Transcribe only the part of the material below that begins at the line containing "großes Dreieck, Maße: ca." and ends at the line containing "Pagino tuinstoel in", with both kept and images left out.

INPUT DATA Block Start

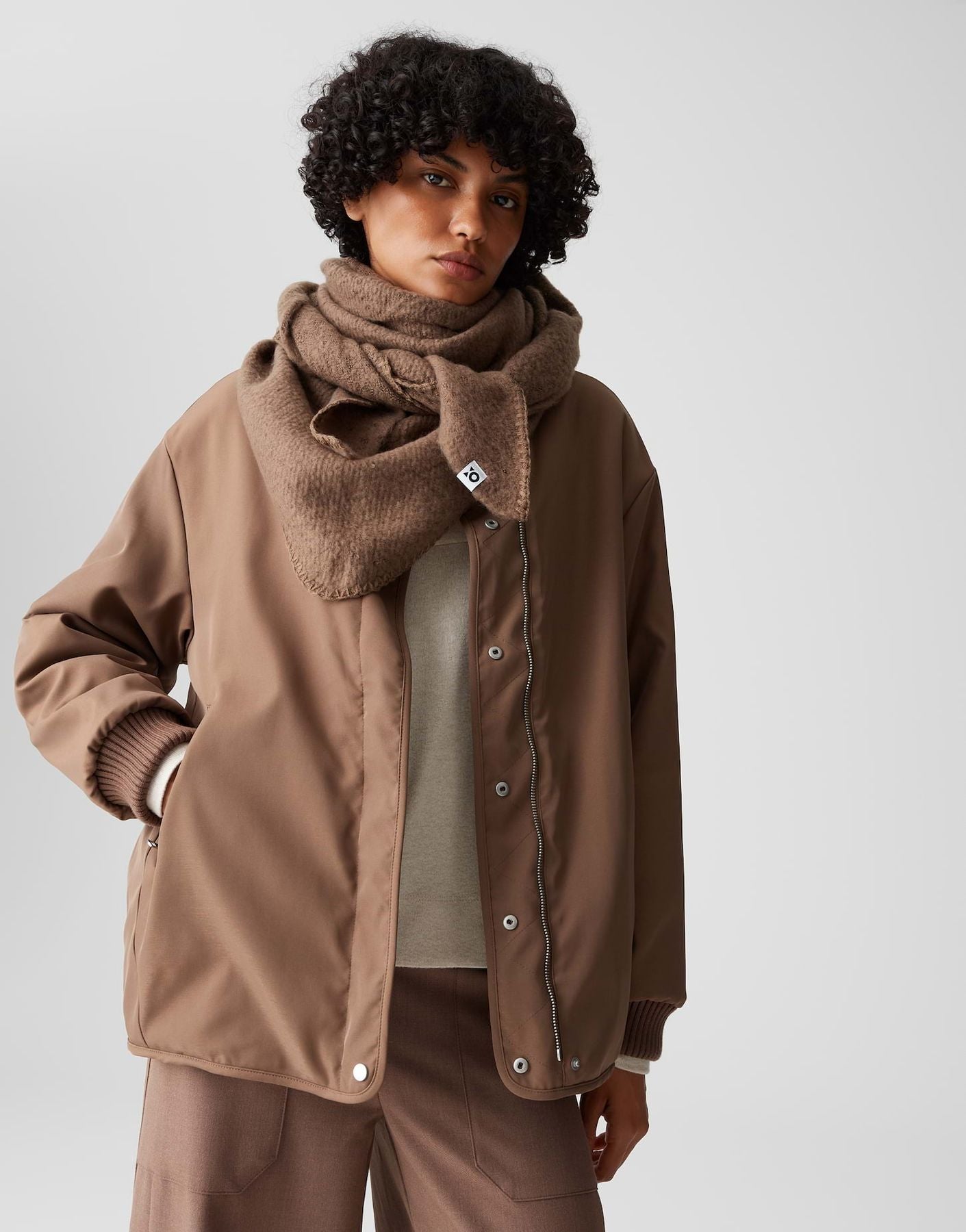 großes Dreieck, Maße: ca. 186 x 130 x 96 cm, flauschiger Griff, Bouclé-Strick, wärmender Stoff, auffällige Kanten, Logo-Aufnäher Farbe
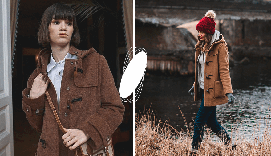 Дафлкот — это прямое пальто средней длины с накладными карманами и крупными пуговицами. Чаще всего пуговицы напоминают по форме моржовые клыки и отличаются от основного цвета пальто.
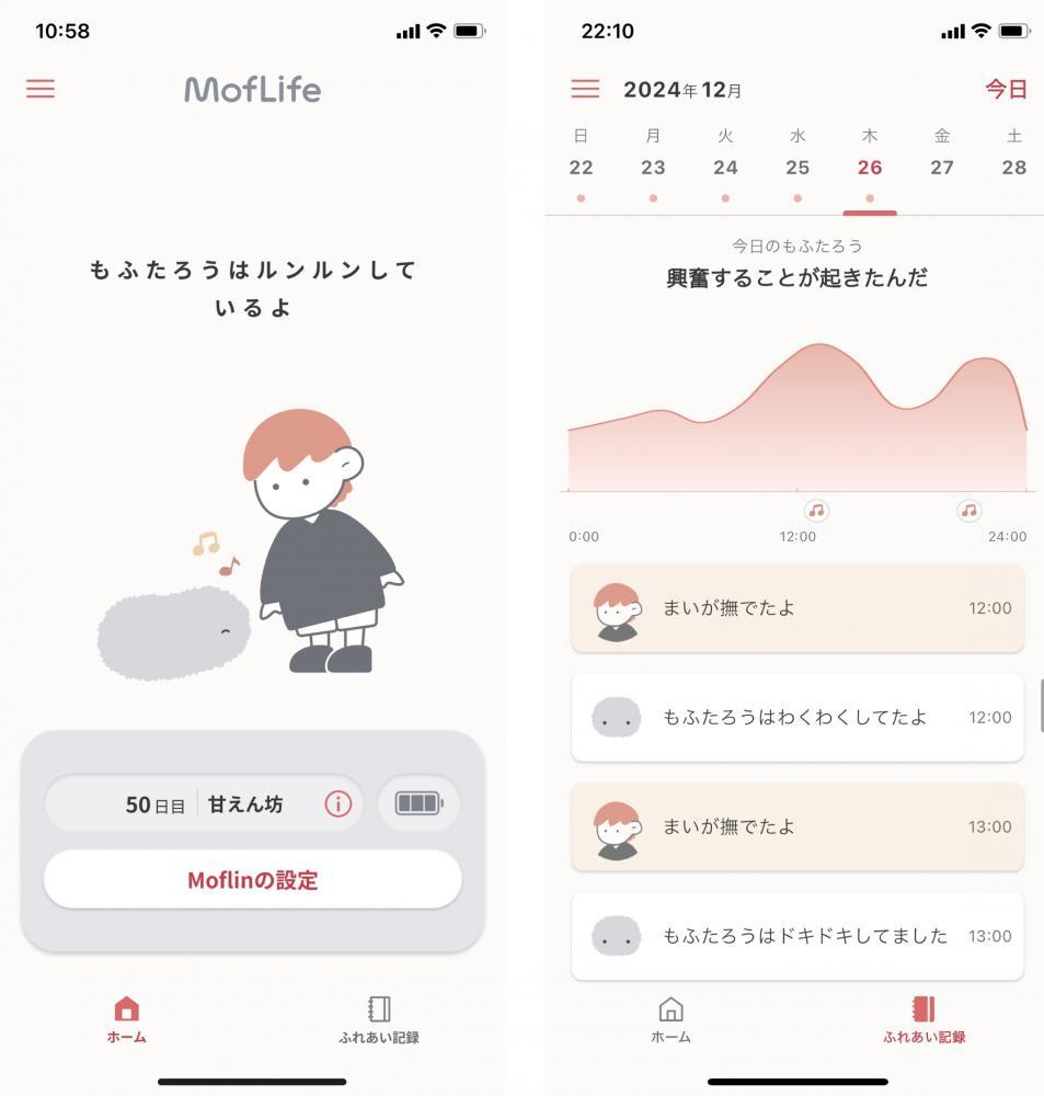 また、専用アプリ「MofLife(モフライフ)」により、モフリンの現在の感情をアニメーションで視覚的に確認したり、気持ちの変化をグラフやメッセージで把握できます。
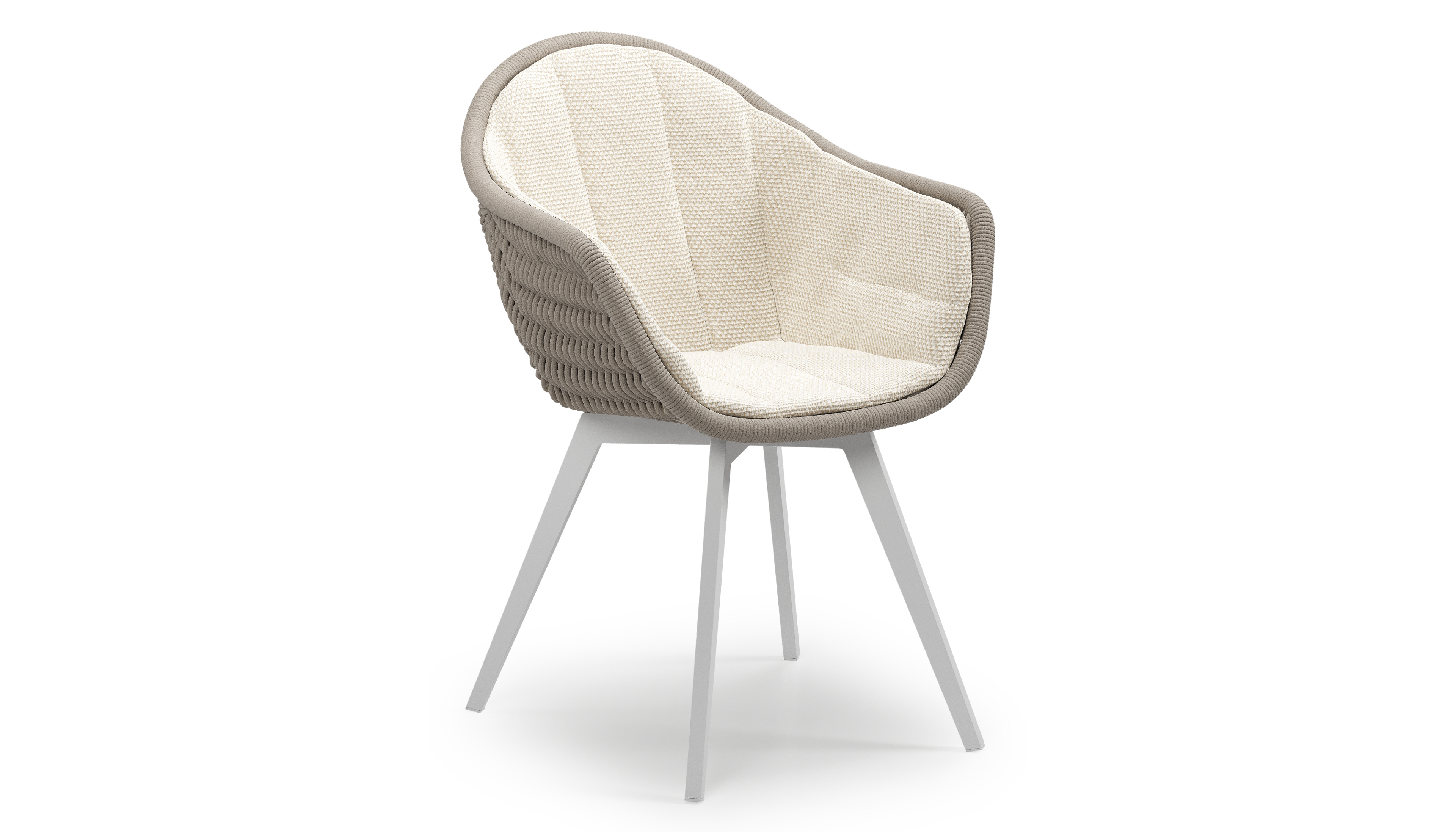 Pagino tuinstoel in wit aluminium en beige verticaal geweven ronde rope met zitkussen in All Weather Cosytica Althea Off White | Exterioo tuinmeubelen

INPUT DATA Block End
INPUT DATA Block Start

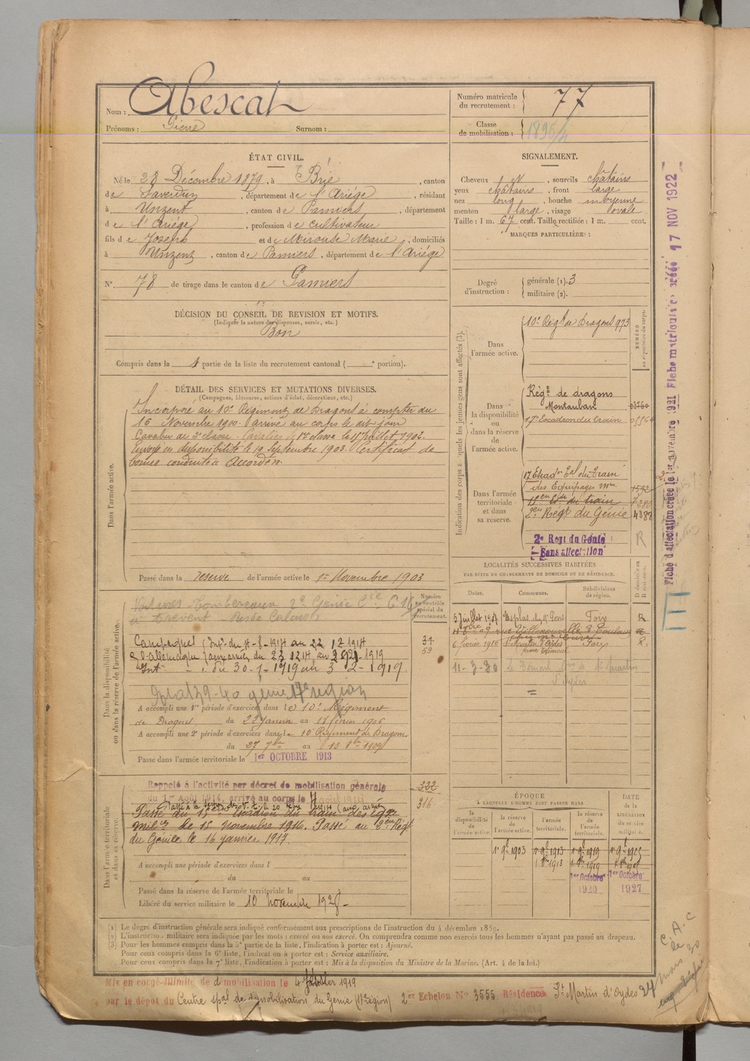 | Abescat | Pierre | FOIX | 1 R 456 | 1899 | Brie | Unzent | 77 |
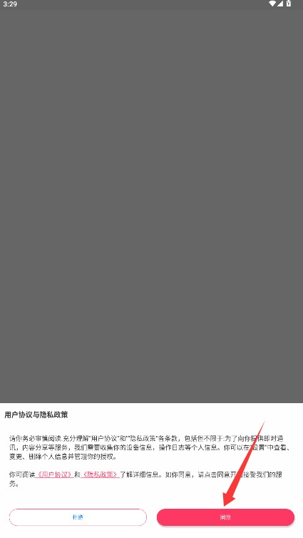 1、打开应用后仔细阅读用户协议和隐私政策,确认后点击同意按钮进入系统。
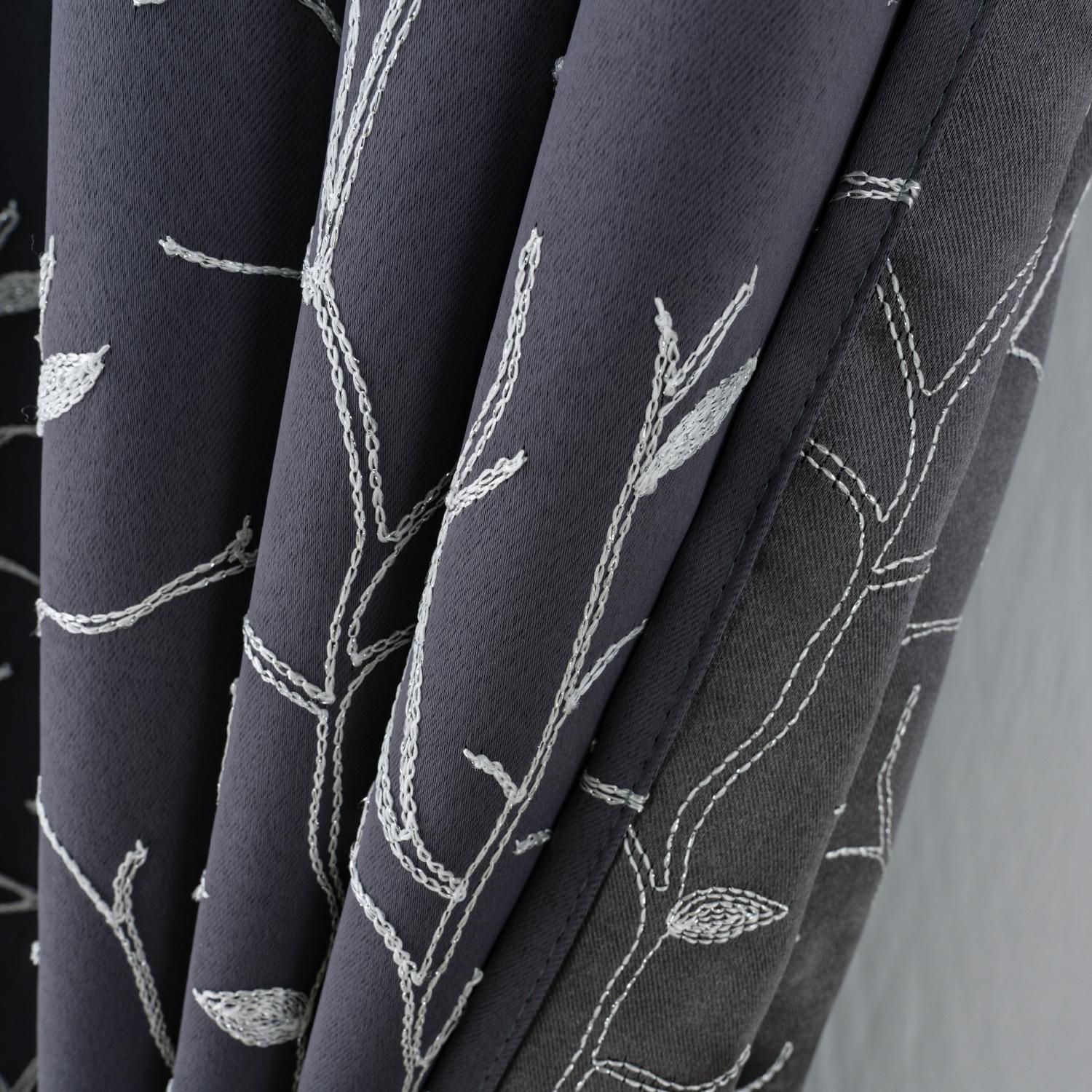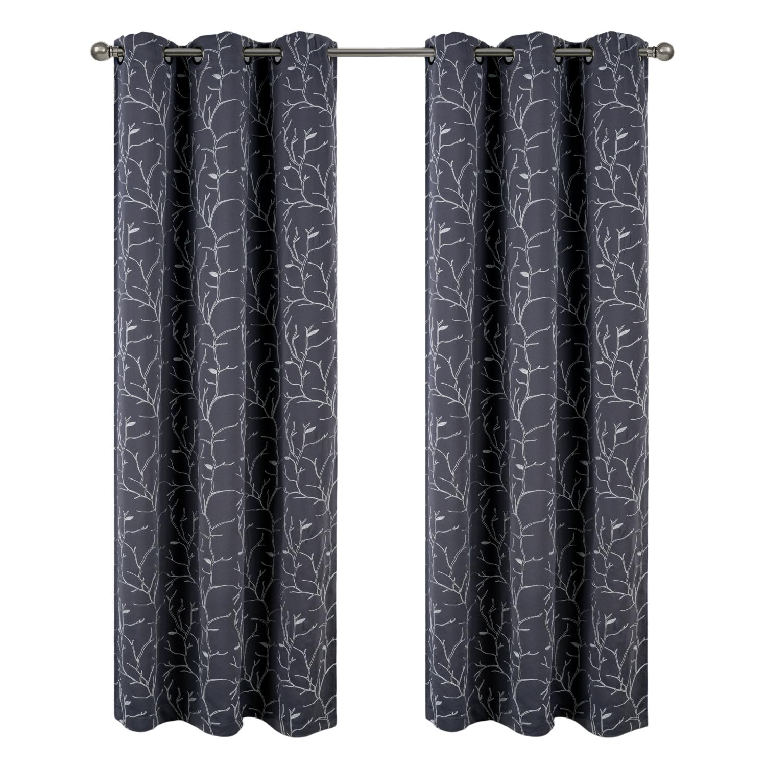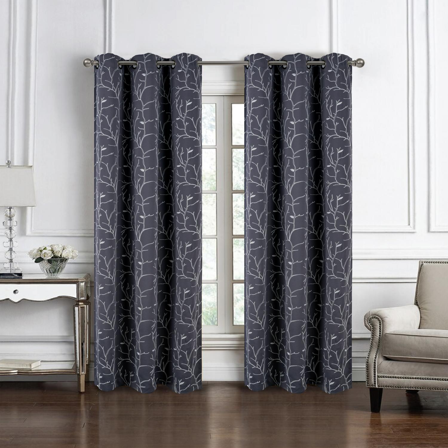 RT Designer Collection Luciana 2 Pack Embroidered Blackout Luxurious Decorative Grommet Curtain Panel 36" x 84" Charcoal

INPUT DATA Block End

-- EXPECTED ANSWER --
 großes Dreieck, Maße: ca. 186 x 130 x 96 cm, flauschiger Griff, Bouclé-Strick, wärmender Stoff, auffällige Kanten, Logo-Aufnäher Farbe
 Дафлкот — это прямое пальто средней длины с накладными карманами и крупными пуговицами. Чаще всего пуговицы напоминают по форме моржовые клыки и отличаются от основного цвета пальто.
 また、専用アプリ「MofLife(モフライフ)」により、モフリンの現在の感情をアニメーションで視覚的に確認したり、気持ちの変化をグラフやメッセージで把握できます。
 Pagino tuinstoel in wit aluminium en beige verticaal geweven ronde rope met zitkussen in All Weather Cosytica Althea Off White | Exterioo tuinmeubelen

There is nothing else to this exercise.